Entries provided:
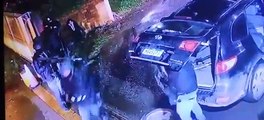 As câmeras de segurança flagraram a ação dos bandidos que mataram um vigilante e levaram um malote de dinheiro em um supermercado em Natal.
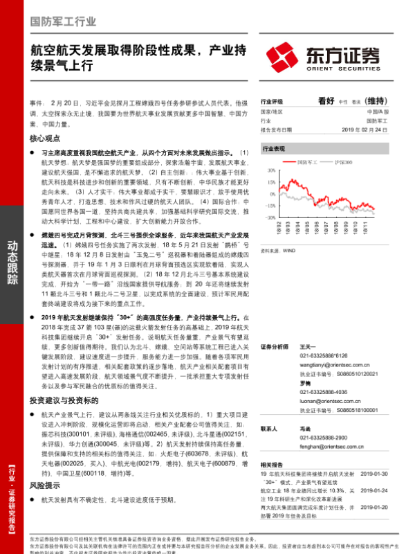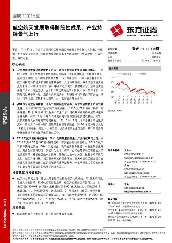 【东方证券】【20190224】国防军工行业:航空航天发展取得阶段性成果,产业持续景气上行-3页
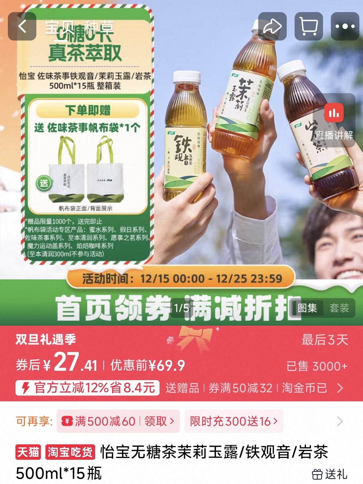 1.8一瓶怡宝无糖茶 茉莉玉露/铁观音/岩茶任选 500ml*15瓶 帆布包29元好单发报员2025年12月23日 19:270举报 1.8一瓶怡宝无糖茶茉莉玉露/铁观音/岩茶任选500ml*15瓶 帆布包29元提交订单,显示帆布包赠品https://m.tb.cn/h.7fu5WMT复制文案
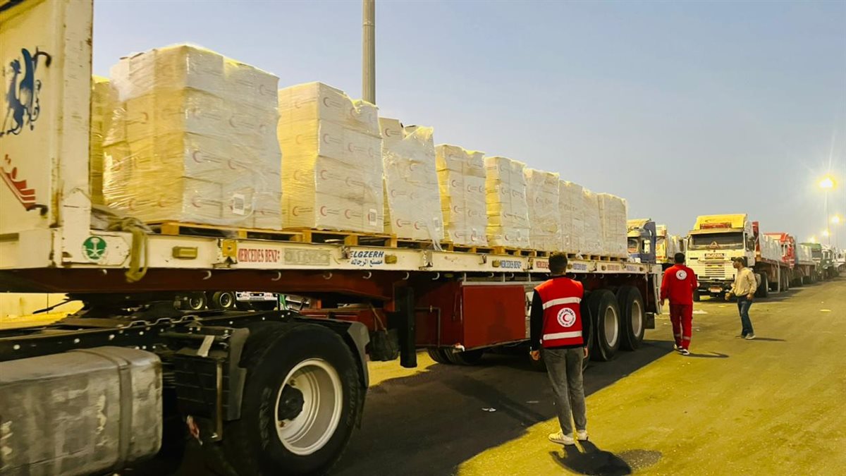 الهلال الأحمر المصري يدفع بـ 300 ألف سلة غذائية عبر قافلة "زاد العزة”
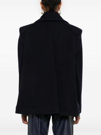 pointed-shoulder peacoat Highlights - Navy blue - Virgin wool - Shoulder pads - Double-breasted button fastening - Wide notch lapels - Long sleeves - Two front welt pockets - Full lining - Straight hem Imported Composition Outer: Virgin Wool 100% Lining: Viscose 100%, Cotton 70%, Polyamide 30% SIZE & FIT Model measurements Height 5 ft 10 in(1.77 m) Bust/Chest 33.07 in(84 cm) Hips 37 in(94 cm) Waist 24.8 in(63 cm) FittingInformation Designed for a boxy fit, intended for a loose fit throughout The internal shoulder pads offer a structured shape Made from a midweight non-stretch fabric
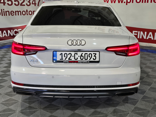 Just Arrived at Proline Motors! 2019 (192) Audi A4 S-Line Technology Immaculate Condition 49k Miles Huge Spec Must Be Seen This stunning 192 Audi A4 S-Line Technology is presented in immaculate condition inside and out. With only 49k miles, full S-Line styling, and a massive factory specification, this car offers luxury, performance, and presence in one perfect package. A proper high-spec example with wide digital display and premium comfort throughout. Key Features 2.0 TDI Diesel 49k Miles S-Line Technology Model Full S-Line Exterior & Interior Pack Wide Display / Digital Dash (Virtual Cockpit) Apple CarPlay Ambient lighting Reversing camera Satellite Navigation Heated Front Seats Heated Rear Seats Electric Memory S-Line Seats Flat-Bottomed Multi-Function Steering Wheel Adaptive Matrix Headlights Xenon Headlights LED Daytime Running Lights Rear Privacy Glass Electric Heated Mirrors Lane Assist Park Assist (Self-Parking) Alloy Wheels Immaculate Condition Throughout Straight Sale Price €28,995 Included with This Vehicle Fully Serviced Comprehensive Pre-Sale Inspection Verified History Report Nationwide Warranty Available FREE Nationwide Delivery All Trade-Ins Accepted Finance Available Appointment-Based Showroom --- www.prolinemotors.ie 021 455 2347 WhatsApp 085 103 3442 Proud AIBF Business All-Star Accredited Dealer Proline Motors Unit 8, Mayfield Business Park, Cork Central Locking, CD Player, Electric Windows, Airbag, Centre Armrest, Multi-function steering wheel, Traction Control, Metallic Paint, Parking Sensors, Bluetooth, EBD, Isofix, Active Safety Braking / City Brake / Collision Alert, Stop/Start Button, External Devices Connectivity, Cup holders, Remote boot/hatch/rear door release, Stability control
---
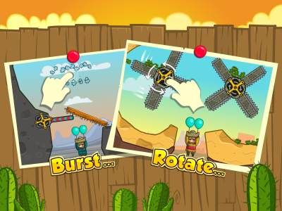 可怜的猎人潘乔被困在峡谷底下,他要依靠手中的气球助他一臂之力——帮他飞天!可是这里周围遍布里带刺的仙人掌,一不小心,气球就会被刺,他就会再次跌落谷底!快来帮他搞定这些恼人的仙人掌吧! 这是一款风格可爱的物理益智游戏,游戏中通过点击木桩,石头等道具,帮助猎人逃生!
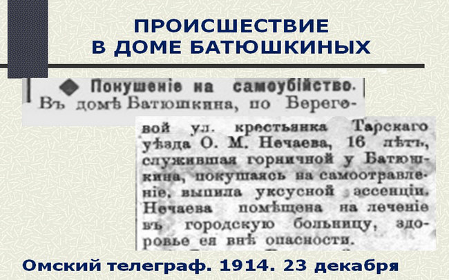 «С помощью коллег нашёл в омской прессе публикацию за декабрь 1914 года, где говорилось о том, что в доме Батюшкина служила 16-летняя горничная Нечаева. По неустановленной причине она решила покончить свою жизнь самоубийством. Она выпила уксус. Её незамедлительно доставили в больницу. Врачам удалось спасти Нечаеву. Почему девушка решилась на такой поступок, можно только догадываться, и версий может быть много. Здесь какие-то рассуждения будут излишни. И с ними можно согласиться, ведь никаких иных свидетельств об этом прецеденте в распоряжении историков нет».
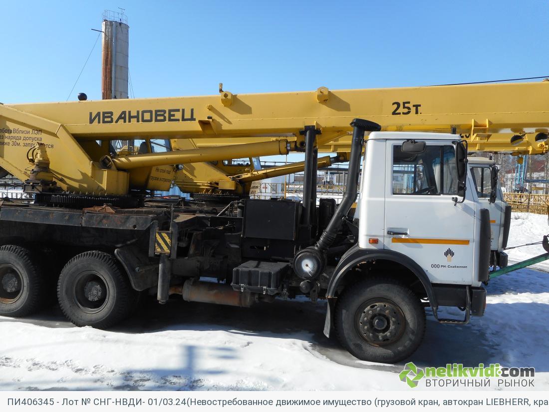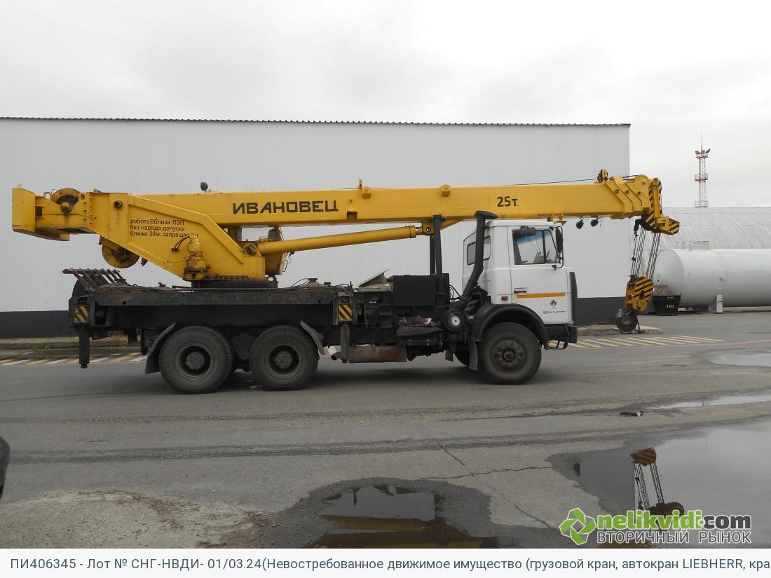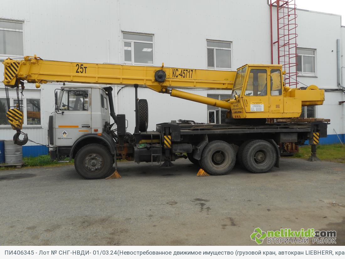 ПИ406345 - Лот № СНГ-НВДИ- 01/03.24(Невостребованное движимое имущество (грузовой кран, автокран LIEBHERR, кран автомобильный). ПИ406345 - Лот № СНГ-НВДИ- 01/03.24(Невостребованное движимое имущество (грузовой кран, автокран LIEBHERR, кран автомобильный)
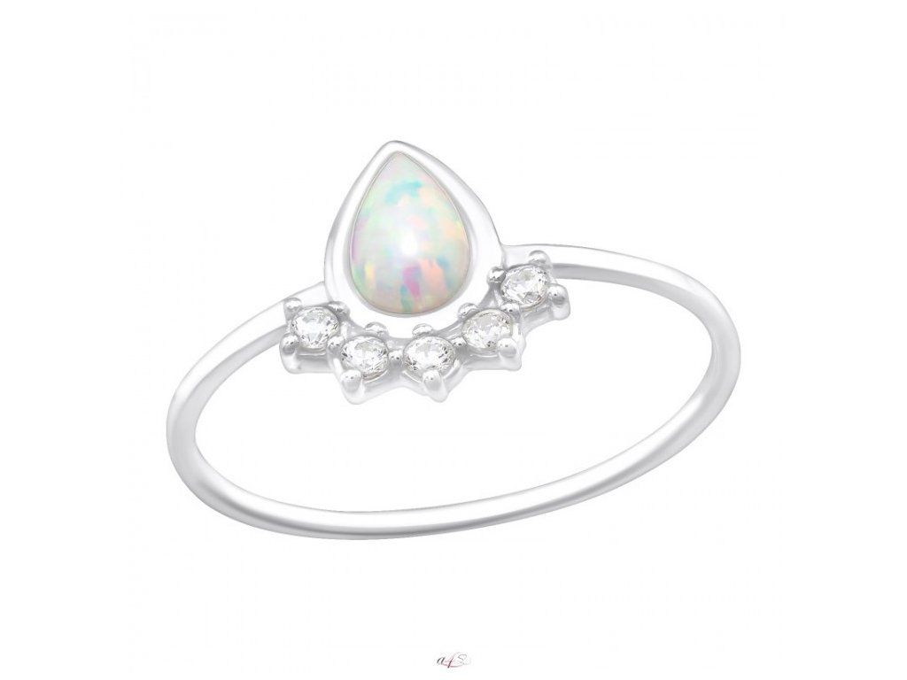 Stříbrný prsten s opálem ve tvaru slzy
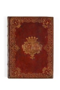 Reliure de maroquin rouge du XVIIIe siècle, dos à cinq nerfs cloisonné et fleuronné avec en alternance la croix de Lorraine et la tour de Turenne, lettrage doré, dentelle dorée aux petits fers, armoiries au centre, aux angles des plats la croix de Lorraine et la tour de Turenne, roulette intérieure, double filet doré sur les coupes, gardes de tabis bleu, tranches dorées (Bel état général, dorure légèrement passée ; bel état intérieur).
...
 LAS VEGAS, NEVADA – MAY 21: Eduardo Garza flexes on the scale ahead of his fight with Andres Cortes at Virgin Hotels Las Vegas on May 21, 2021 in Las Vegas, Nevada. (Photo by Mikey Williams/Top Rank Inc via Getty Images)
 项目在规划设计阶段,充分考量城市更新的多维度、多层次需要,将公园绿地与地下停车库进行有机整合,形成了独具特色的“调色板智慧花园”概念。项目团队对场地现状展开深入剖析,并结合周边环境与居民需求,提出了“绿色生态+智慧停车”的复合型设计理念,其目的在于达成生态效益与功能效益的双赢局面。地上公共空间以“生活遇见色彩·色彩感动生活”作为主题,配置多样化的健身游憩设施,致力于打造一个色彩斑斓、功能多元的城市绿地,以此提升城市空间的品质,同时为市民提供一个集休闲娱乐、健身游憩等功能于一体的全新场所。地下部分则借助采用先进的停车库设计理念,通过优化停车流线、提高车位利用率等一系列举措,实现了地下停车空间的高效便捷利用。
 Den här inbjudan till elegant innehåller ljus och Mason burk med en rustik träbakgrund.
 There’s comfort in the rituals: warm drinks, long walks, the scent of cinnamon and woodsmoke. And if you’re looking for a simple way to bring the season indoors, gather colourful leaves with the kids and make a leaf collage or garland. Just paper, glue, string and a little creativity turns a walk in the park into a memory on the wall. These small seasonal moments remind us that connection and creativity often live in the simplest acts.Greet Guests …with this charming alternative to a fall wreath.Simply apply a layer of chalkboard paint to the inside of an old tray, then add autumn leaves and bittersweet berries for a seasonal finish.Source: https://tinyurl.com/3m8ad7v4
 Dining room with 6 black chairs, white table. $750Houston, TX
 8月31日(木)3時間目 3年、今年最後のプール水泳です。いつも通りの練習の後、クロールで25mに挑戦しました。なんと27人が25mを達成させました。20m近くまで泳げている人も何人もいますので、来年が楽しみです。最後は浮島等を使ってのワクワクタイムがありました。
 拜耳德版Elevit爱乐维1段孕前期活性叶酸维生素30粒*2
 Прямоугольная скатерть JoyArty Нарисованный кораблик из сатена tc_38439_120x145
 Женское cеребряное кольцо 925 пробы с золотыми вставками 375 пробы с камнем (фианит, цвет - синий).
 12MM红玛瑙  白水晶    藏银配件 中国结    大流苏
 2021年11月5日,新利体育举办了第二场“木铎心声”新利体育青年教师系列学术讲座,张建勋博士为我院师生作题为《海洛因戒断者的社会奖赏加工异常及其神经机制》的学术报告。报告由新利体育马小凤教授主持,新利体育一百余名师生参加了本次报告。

Your instructions: Using the records above, return word for word the lines that begin at the one containing "1.8一瓶怡宝无糖茶 茉莉玉露/铁观音/岩茶任选 500ml*15瓶" and end at the one containing "الهلال الأحمر المصري", both of them included and no pictures.

Answer to this problem:
 1.8一瓶怡宝无糖茶 茉莉玉露/铁观音/岩茶任选 500ml*15瓶 帆布包29元好单发报员2025年12月23日 19:270举报 1.8一瓶怡宝无糖茶茉莉玉露/铁观音/岩茶任选500ml*15瓶 帆布包29元提交订单,显示帆布包赠品https://m.tb.cn/h.7fu5WMT复制文案
 الهلال الأحمر المصري يدفع بـ 300 ألف سلة غذائية عبر قافلة "زاد العزة”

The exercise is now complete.